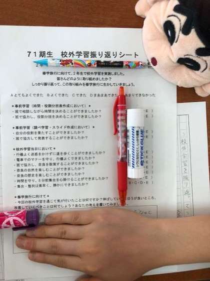 振り返りシートで自分自身の行動を振り返り、感想文を書きました。
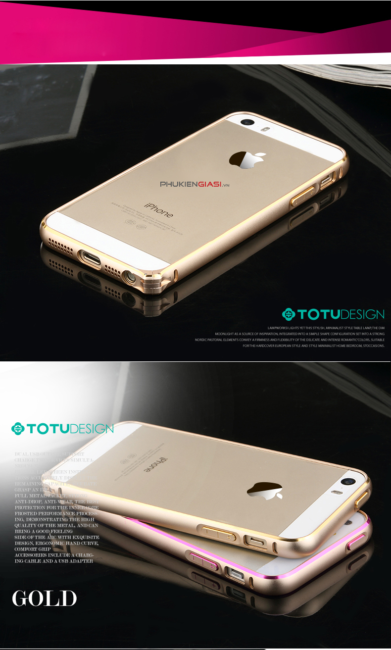 Ốp viền iPhone 5/5S Totu giả iPhone 6 với chất liệu Nhôm titan siêu nhẹ và mỏng .Viền nhôm siêu mỏng, siêu nhẹ chỉ 0.7mm mỏng.Thiết kế với các đường viền, góc cạnh xung quanh đơn giản mà tinh tế. Thiết kế mới có kẻ chỉ vàng xuyên suốt viền, cả mặt trước lẫn mặt sau. Có khoét lỗ âm âm thanh,..., có nút tăng âm lượng, nút mở nguồn.
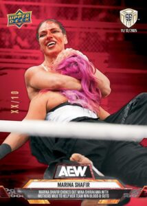 AEW UPPER DECK E-PACK MATCH DATED MOMENTS SPECIAL EDITION 2025 – MARINA SHAFIR – MARINA SHAFIR CHOKES OUT MINA SKIRAKAWA WITH MOTHERS MILK TO HELP HER TEAM WIN BLOOD & GUTS #BG-2 – RED PARALLEL
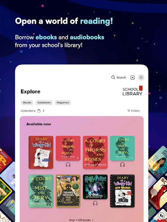 Borrow eBooks and audiobooks from your school's library with Sora. Setup is simple - just find your school and sign in. Then download or stream your assignments and favorite books to your device.
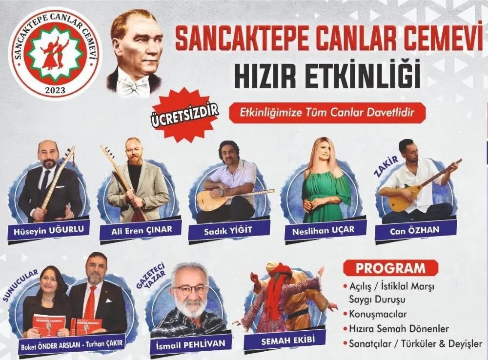 Sancaktepe Canlar Cemevi, 15 Şubat 2026 Pazar günü Hızır vesilesiyle anlamlı bir etkinlik düzenliyor. Kadir Topbaş Kültür Merkezi’nde saat 14.00’te başlayacak program, Alevi-Bektaşi inancının önemli figürlerinden Hızır’a adanmış özel bir buluşmaya sahne olacak.
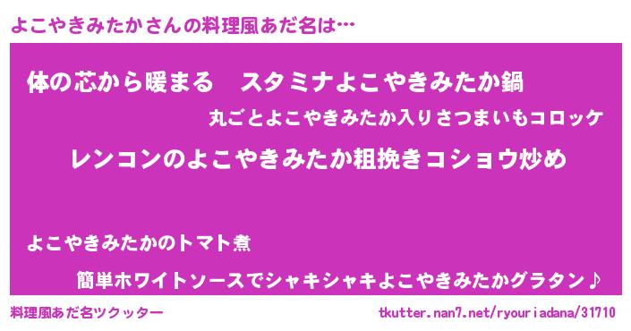 | 意味不明あだ名 | 『自称よこやきみたか』 |
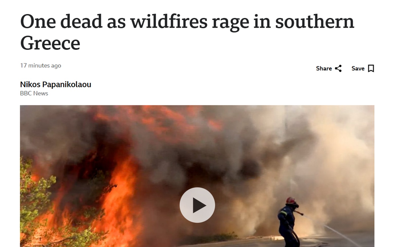 Ένας άνθρωπος έχασε τη ζωή του μετά από μια μεγάλη πυρκαγιά στην Κερατεία, νοτιοανατολικά της Αθήνας, η οποία εξαπλώθηκε γρήγορα, καταστρέφοντας σπίτια και προκαλώντας συναγερμούς εκκένωσης, αναφέρει το BBC.
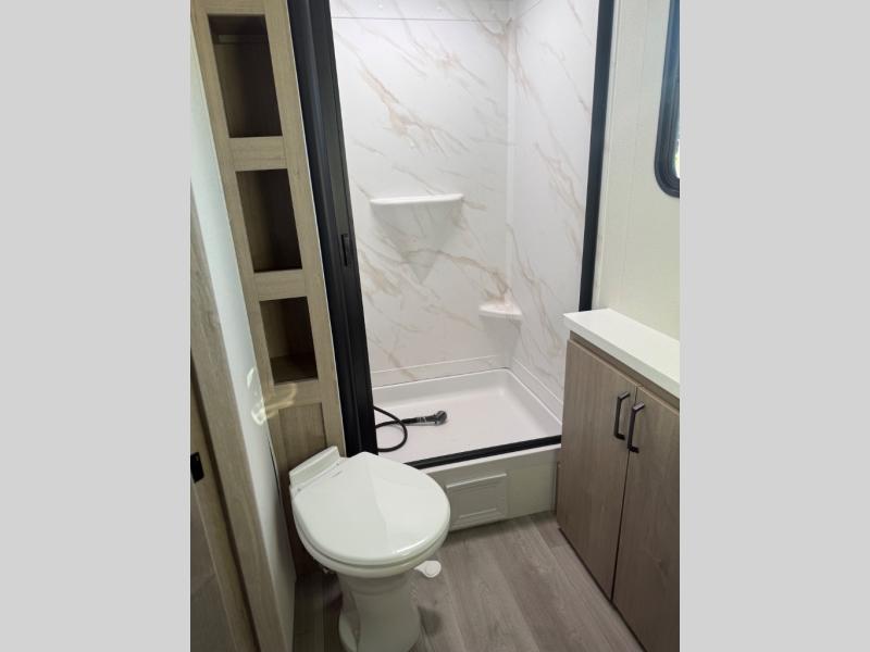 What I liked most: Bunk area area lifts up for additional storage which is very unique. Place for shoes. The bathroom shower surround has a brick molded design look.
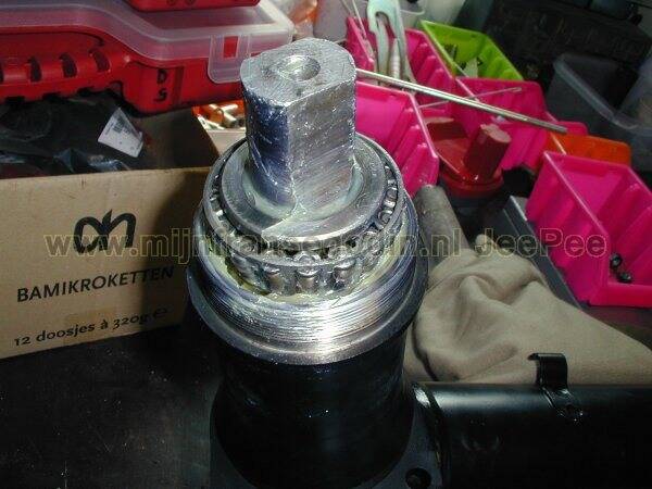Voordat het buitenste lager wordt aangebracht gaat er ongeveer 50 gram lagervet in.

- [EXERCISE]: Repeat every record above exactly, but leave out any pictures.

- [SOLUTION TO THIS TASK]:
 振り返りシートで自分自身の行動を振り返り、感想文を書きました。
 Ốp viền iPhone 5/5S Totu giả iPhone 6 với chất liệu Nhôm titan siêu nhẹ và mỏng .Viền nhôm siêu mỏng, siêu nhẹ chỉ 0.7mm mỏng.Thiết kế với các đường viền, góc cạnh xung quanh đơn giản mà tinh tế. Thiết kế mới có kẻ chỉ vàng xuyên suốt viền, cả mặt trước lẫn mặt sau. Có khoét lỗ âm âm thanh,..., có nút tăng âm lượng, nút mở nguồn.
 AEW UPPER DECK E-PACK MATCH DATED MOMENTS SPECIAL EDITION 2025 – MARINA SHAFIR – MARINA SHAFIR CHOKES OUT MINA SKIRAKAWA WITH MOTHERS MILK TO HELP HER TEAM WIN BLOOD & GUTS #BG-2 – RED PARALLEL
 Borrow eBooks and audiobooks from your school's library with Sora. Setup is simple - just find your school and sign in. Then download or stream your assignments and favorite books to your device.
 Sancaktepe Canlar Cemevi, 15 Şubat 2026 Pazar günü Hızır vesilesiyle anlamlı bir etkinlik düzenliyor. Kadir Topbaş Kültür Merkezi’nde saat 14.00’te başlayacak program, Alevi-Bektaşi inancının önemli figürlerinden Hızır’a adanmış özel bir buluşmaya sahne olacak.
 | 意味不明あだ名 | 『自称よこやきみたか』 |
 Ένας άνθρωπος έχασε τη ζωή του μετά από μια μεγάλη πυρκαγιά στην Κερατεία, νοτιοανατολικά της Αθήνας, η οποία εξαπλώθηκε γρήγορα, καταστρέφοντας σπίτια και προκαλώντας συναγερμούς εκκένωσης, αναφέρει το BBC.
 What I liked most: Bunk area area lifts up for additional storage which is very unique. Place for shoes. The bathroom shower surround has a brick molded design look.
Voordat het buitenste lager wordt aangebracht gaat er ongeveer 50 gram lagervet in.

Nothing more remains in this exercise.